RSS
Логотип
Баннер в шапке 1
Баннер в шапке 2
Project

Startup "OnMeeting" together with "Inevils" built a cloud platform for transcribing meetings, summarization and recognition of speakers

Customers: Actor-Educational Technologies

Moscow; Information Technology

Contractors: Inevils
Product: IT outsourcing projects

Project date: 2023/11  - 2024/11

2025: Building a cloud platform to transcribe meetings

The company "Actor-Educational Technologies" at the end of April 2025 announced TAdviser about the implementation of the project by the joint efforts of the startup "OnMeeting" and the IT company "Inevils" to create a cloud platform for transcribing meetings, summarization and recognition of speakers.

As reported, "OnMeeting" is a Russian technology startup founded in 2020. Initially, he developed solutions for hybrid training for higher education, but in the process of developing business the model shifted towards the B2B and B2G segment. The AtMeeting service is an intelligent platform for recording and analyzing online communications and offline meetings.

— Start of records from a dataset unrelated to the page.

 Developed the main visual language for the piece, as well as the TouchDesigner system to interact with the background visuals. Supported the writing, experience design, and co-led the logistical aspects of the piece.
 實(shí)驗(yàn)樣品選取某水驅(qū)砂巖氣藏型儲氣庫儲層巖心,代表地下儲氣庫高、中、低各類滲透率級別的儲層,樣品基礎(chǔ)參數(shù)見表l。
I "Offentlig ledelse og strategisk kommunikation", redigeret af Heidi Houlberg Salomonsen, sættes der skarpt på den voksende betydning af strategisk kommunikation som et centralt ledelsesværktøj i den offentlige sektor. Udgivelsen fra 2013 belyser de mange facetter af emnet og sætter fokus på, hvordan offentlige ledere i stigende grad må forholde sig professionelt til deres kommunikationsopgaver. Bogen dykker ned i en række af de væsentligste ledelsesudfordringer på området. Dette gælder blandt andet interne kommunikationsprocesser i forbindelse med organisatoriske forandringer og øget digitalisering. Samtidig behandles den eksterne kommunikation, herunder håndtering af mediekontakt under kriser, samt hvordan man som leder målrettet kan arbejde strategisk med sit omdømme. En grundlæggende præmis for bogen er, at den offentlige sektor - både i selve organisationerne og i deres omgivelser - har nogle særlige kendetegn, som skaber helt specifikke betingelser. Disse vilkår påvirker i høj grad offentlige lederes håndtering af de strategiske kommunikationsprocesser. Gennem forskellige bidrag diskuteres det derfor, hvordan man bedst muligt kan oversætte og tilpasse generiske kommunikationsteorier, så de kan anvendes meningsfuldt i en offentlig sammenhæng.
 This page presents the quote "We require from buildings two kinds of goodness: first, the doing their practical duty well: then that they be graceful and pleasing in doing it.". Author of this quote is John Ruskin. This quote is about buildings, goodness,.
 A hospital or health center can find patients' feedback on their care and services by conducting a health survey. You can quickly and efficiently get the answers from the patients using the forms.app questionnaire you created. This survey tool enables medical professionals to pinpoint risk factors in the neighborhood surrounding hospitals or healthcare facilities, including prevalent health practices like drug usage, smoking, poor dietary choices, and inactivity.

The team "AtMeeting" entrusted the development of several system modules to the IT company "Inevils," which has competencies in building architectures based on neural network models. The work began with a simple audio recording module, but in the process of cooperation, the product developed into a full-fledged cloud platform with transcription, summarization and bot connection functions.

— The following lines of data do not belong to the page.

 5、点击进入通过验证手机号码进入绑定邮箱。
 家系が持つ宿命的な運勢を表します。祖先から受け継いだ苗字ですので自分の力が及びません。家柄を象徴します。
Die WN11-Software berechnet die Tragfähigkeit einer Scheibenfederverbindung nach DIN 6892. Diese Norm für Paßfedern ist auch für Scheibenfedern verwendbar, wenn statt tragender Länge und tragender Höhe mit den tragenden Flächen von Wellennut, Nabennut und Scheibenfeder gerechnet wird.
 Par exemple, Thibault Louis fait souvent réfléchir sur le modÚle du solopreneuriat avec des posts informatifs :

The founder of the startup drew attention to a widespread problem: recordings of online meetings - whether in departments, universities or business - are often not structured, sound quality is low, and listening takes a long time. To solve this problem, it was originally planned to create a service that records sound and translates it into text. Later it became clear that transcribing alone is not enough - users need compressed, understandable summaries and automatic determination of who said what.

Also, from the very beginning, interest from state-owned companies was taken into account, so the architecture should have provided for the possibility of working in an isolated circuit without accessing the Internet.

What was done:

  • Stage 1: Recording module and backend basis. The Inevils team developed an add-on to the server base and implemented the first module - sound capture from the microphone and its basic processing. Since the project developed iteratively, this stage was considered as a starting point, not overloaded with superfluous functionality.
  • Stage 2: Transcription of speech. The next step was the module for translating audio into text. Ready-made models (in particular, Whisper) were used, configured for project tasks. The need for accurate time-stamp partitioning was taken into account.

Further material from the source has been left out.